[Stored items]
━━━━

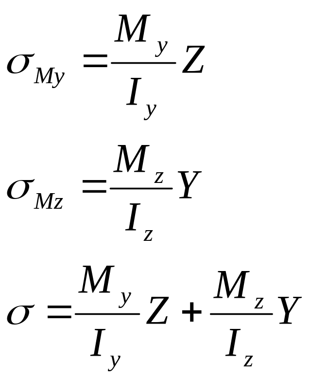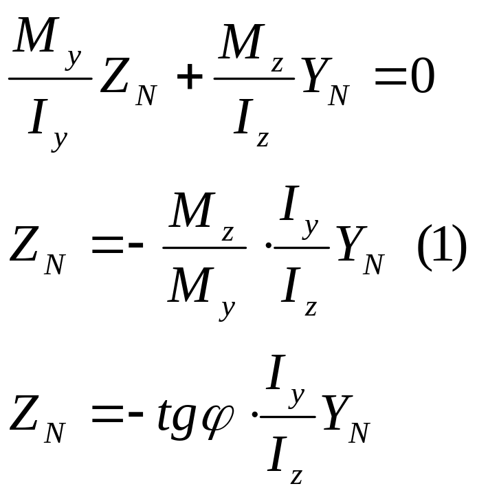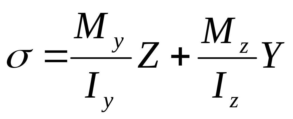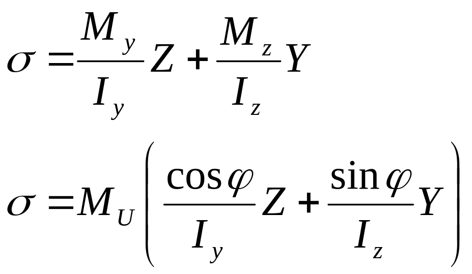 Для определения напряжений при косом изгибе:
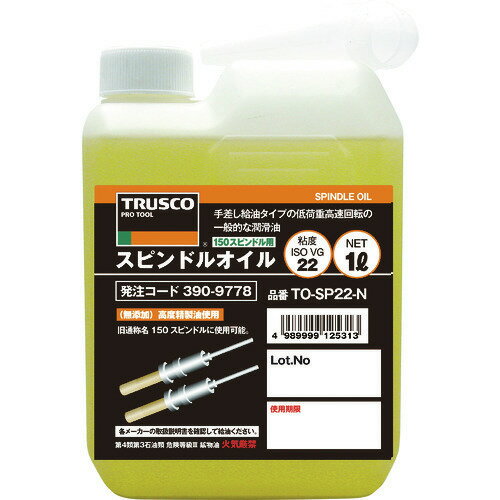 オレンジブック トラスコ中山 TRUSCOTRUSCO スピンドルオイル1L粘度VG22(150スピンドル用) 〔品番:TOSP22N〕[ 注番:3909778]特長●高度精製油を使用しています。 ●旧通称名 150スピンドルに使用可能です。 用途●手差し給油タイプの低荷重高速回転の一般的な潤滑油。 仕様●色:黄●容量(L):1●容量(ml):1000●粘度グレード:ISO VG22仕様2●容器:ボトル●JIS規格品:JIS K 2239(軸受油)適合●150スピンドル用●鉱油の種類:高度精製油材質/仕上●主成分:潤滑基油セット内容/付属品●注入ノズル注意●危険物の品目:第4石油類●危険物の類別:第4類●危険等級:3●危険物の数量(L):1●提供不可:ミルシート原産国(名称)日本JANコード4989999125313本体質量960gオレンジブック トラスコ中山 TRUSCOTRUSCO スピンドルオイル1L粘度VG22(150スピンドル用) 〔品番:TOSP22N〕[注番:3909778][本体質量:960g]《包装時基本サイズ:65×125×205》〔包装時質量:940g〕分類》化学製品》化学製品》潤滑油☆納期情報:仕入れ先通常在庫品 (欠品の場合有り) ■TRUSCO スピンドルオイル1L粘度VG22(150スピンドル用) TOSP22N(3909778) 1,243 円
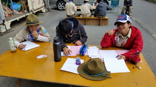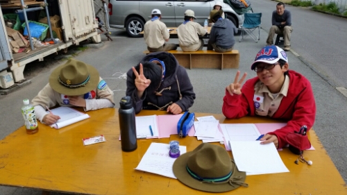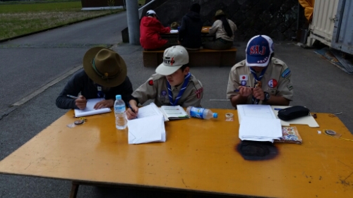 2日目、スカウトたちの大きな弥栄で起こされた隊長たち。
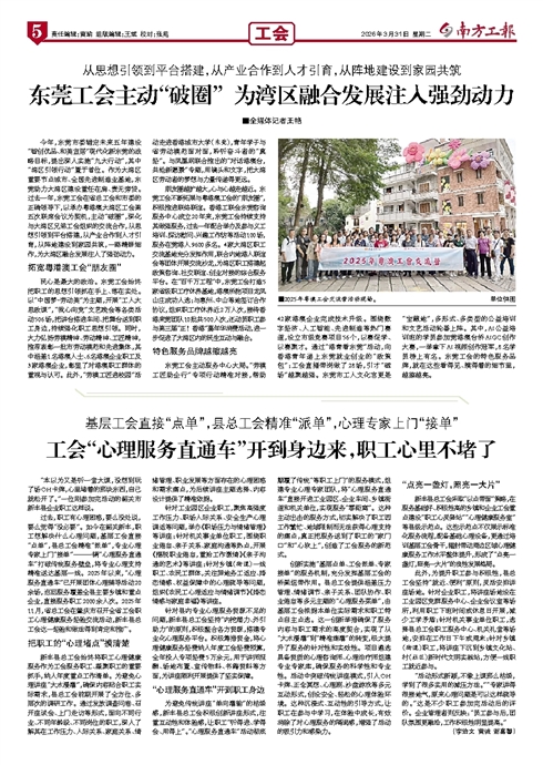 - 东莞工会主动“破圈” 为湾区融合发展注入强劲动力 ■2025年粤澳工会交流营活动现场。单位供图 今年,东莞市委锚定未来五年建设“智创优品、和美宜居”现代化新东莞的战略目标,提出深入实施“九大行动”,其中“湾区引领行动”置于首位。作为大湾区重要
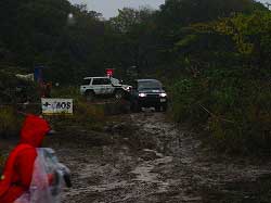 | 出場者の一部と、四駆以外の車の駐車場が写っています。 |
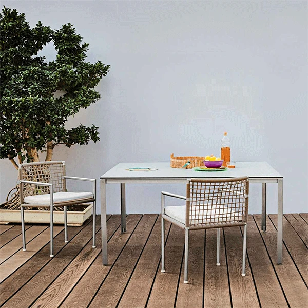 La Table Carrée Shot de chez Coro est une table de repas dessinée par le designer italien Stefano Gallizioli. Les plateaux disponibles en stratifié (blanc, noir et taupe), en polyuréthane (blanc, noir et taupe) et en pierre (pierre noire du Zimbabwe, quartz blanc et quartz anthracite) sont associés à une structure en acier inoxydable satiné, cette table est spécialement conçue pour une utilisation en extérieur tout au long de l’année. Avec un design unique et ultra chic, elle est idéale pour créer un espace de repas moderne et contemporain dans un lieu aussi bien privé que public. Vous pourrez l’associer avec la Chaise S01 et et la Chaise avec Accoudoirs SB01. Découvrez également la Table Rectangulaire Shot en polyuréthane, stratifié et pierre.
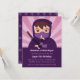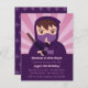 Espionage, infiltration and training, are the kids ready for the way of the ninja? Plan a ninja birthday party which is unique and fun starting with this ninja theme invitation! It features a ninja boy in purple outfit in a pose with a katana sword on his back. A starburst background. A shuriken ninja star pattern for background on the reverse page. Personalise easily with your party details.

━━━━

I'd like every record above written out again exactly, without the pictures.

SOLUTION BELOW:
 Для определения напряжений при косом изгибе:
 オレンジブック トラスコ中山 TRUSCOTRUSCO スピンドルオイル1L粘度VG22(150スピンドル用) 〔品番:TOSP22N〕[ 注番:3909778]特長●高度精製油を使用しています。 ●旧通称名 150スピンドルに使用可能です。 用途●手差し給油タイプの低荷重高速回転の一般的な潤滑油。 仕様●色:黄●容量(L):1●容量(ml):1000●粘度グレード:ISO VG22仕様2●容器:ボトル●JIS規格品:JIS K 2239(軸受油)適合●150スピンドル用●鉱油の種類:高度精製油材質/仕上●主成分:潤滑基油セット内容/付属品●注入ノズル注意●危険物の品目:第4石油類●危険物の類別:第4類●危険等級:3●危険物の数量(L):1●提供不可:ミルシート原産国(名称)日本JANコード4989999125313本体質量960gオレンジブック トラスコ中山 TRUSCOTRUSCO スピンドルオイル1L粘度VG22(150スピンドル用) 〔品番:TOSP22N〕[注番:3909778][本体質量:960g]《包装時基本サイズ:65×125×205》〔包装時質量:940g〕分類》化学製品》化学製品》潤滑油☆納期情報:仕入れ先通常在庫品 (欠品の場合有り) ■TRUSCO スピンドルオイル1L粘度VG22(150スピンドル用) TOSP22N(3909778) 1,243 円
 2日目、スカウトたちの大きな弥栄で起こされた隊長たち。
 - 东莞工会主动“破圈” 为湾区融合发展注入强劲动力 ■2025年粤澳工会交流营活动现场。单位供图 今年,东莞市委锚定未来五年建设“智创优品、和美宜居”现代化新东莞的战略目标,提出深入实施“九大行动”,其中“湾区引领行动”置于首位。作为大湾区重要
 | 出場者の一部と、四駆以外の車の駐車場が写っています。 |
 La Table Carrée Shot de chez Coro est une table de repas dessinée par le designer italien Stefano Gallizioli. Les plateaux disponibles en stratifié (blanc, noir et taupe), en polyuréthane (blanc, noir et taupe) et en pierre (pierre noire du Zimbabwe, quartz blanc et quartz anthracite) sont associés à une structure en acier inoxydable satiné, cette table est spécialement conçue pour une utilisation en extérieur tout au long de l’année. Avec un design unique et ultra chic, elle est idéale pour créer un espace de repas moderne et contemporain dans un lieu aussi bien privé que public. Vous pourrez l’associer avec la Chaise S01 et et la Chaise avec Accoudoirs SB01. Découvrez également la Table Rectangulaire Shot en polyuréthane, stratifié et pierre.
 Espionage, infiltration and training, are the kids ready for the way of the ninja? Plan a ninja birthday party which is unique and fun starting with this ninja theme invitation! It features a ninja boy in purple outfit in a pose with a katana sword on his back. A starburst background. A shuriken ninja star pattern for background on the reverse page. Personalise easily with your party details.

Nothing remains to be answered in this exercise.